Streaming vs. Batch Processing
Different inference stages have different compute requirements. NeMo Curator uses Ray streaming to increase GPU utilization and processing speed compared to traditional batch-all-at-once approaches.
Batch Mode vs. Streaming Mode
Batch Mode
In batch mode, each stage processes the entire dataset before the next stage begins. Stages with different compute requirements (CPU-only tokenization, single-GPU classifiers, multi-GPU encoders) all run sequentially:
Streaming Mode
In streaming mode, data flows through the pipeline as discrete batches. Each stage processes its current batch and immediately passes it downstream, so all stages run concurrently on different batches:
Why Streaming Is Faster
Streaming with heterogeneous compute allows NeMo Curator to overlap stages that use different resources. For example, while a GPU inference stage processes batch N, a CPU tokenization stage can process batch N+1 simultaneously — neither blocks the other.
This overlap improves throughput in pipelines that mix CPU and GPU work, because both happen in parallel rather than taking turns.

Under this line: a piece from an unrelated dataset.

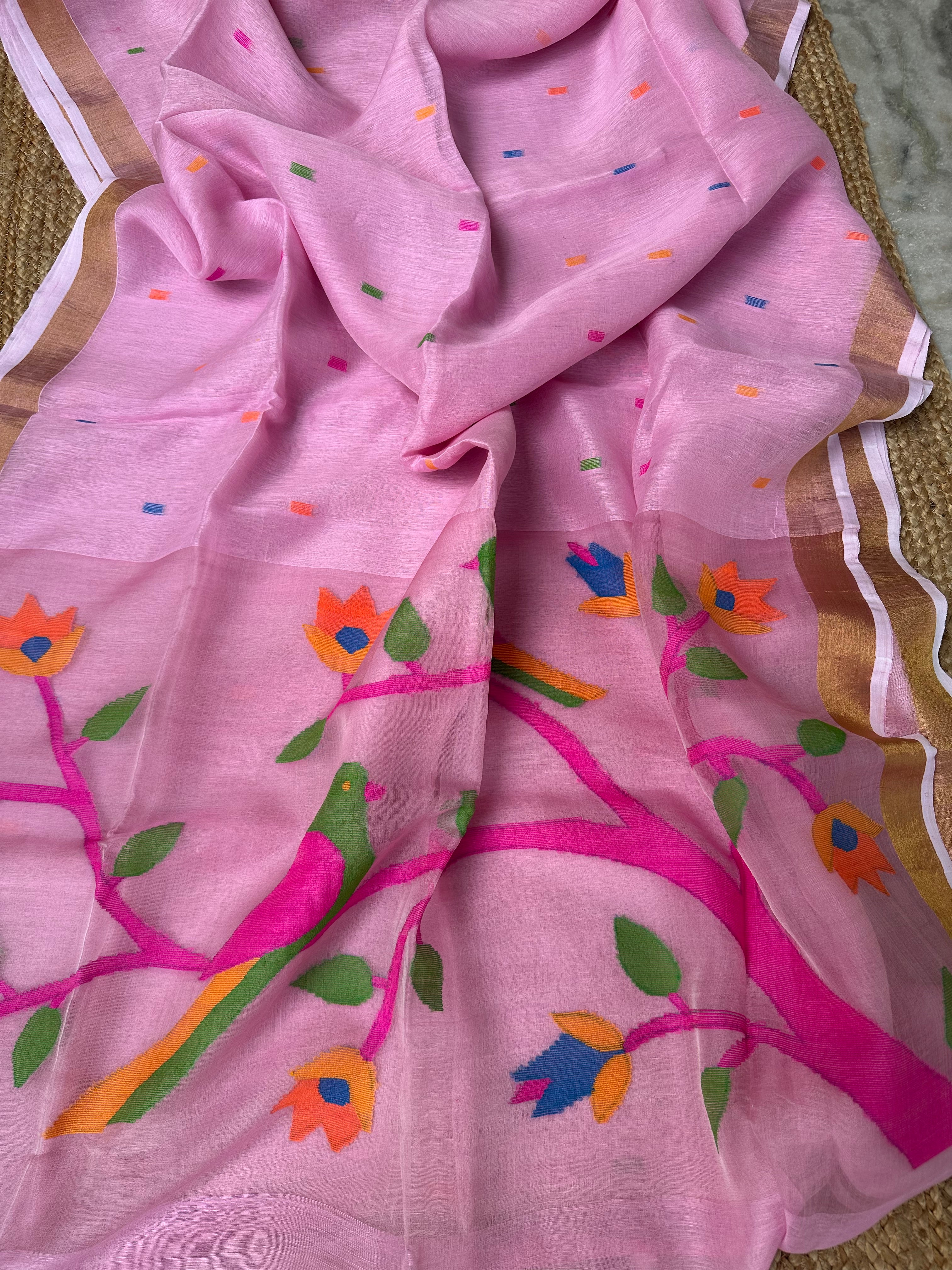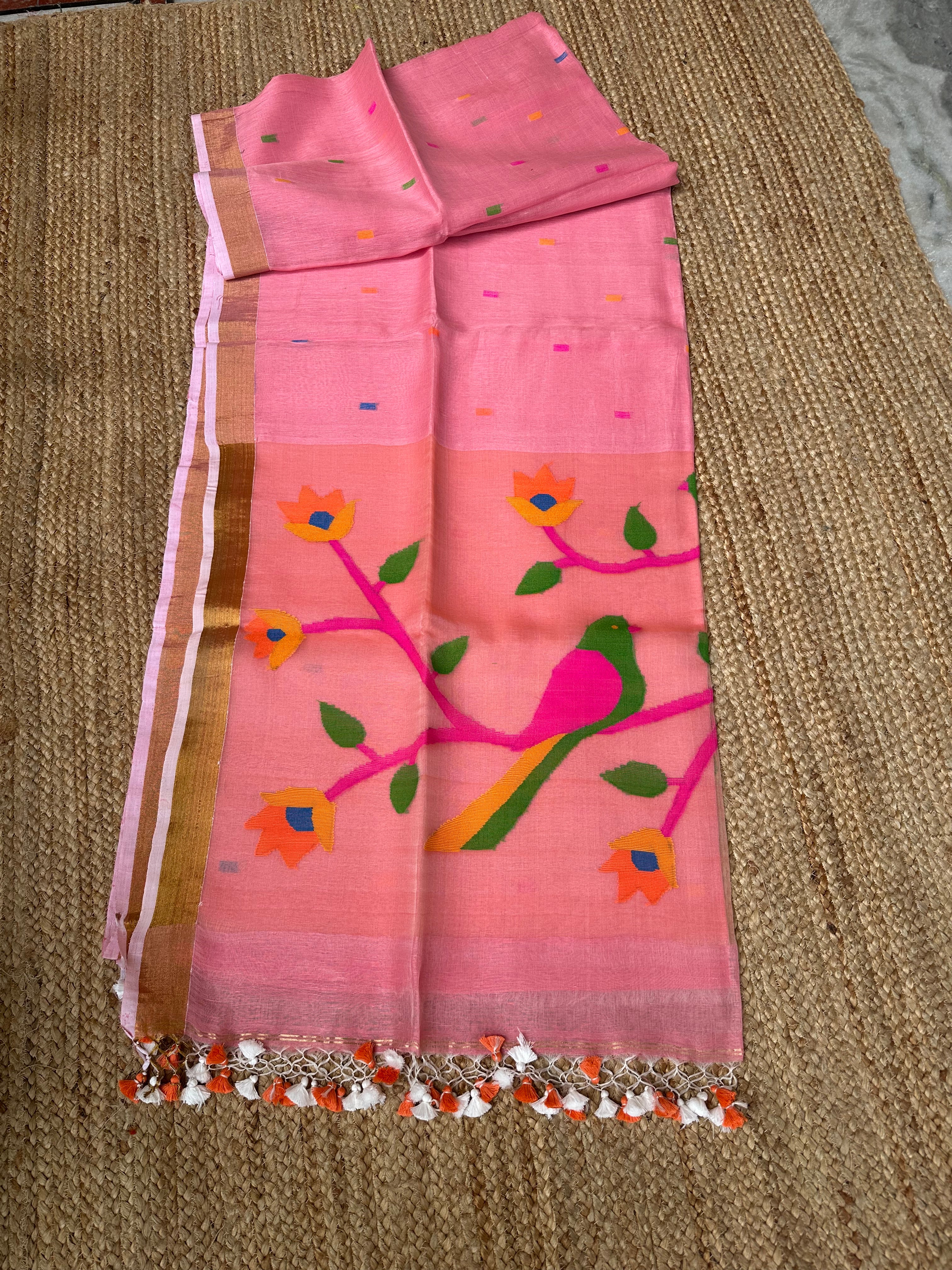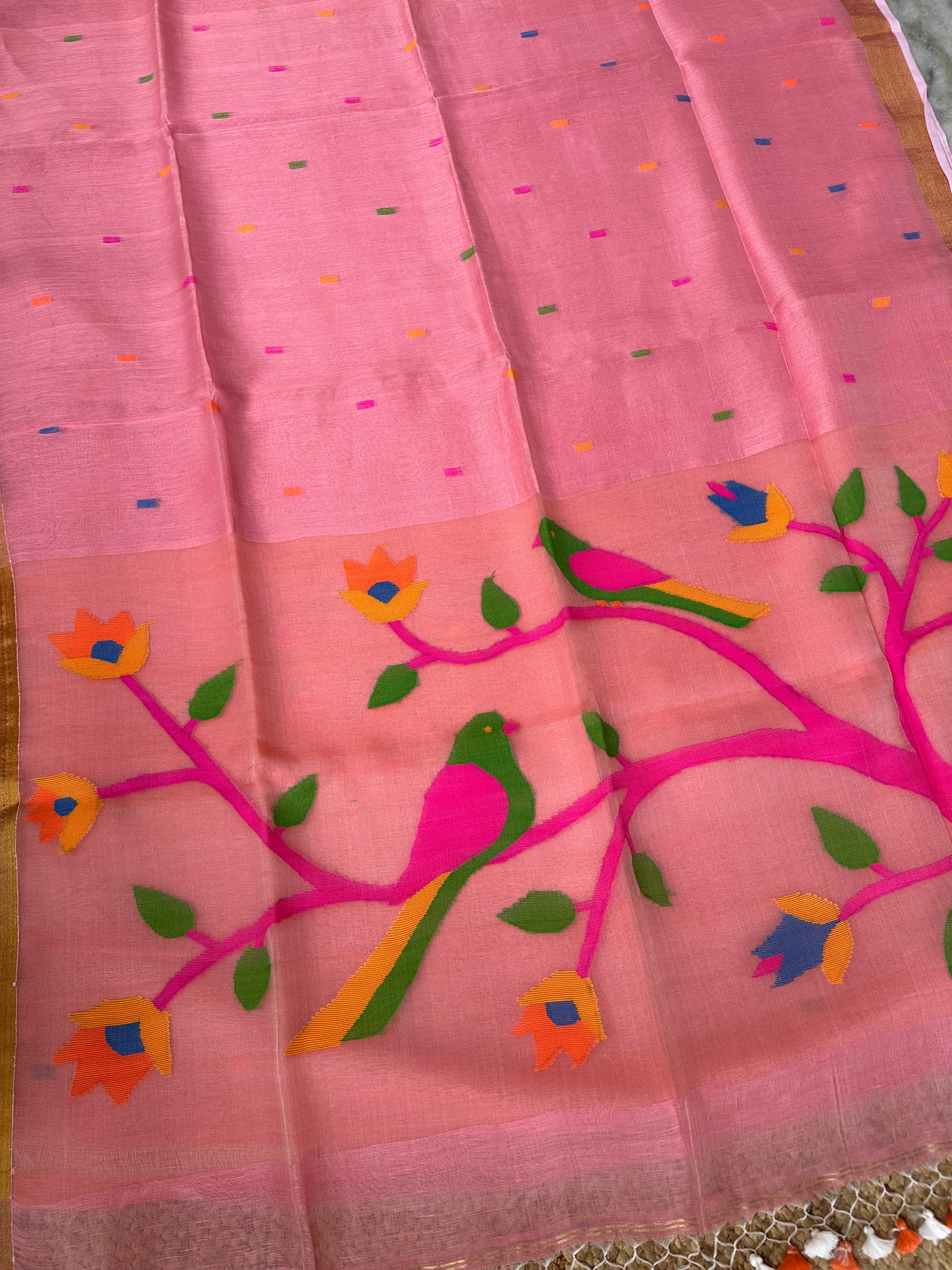 Light Pink Linen Muslin Silk Handloom Paithani Jamdani Saree

Combined with auto-balancing, streaming enables Curator to rearrange resources so that GPU stage workers are kept busy over 99% of the time after an initial warm-up period.
Heterogeneous Executors
NeMo Curator supports streaming with multiple executors — Cosmos Xenna, Ray Data, and others — each optimized for different workload patterns. The executor handles scheduling, backpressure, and resource allocation so that streaming “just works” regardless of how many stages your pipeline has.
Configuring Batch Size
Batch size controls the trade-off between memory usage and throughput:
- Smaller batches: Lower memory usage per batch. Ray may handle smaller batches more efficiently in some workloads.
- Larger batches: More in-memory data per batch, which can reduce I/O overhead but uses more memory.
When Streaming Matters Most
- Datasets exceed memory. A 10 TB Common Crawl snapshot cannot fit in RAM, but it can be streamed in manageable chunks.
- Pipeline stages have different hardware needs. CPU-only and GPU stages overlap instead of taking turns.
- You need early results. Inspect output from the first batch while the rest of the dataset is still processing.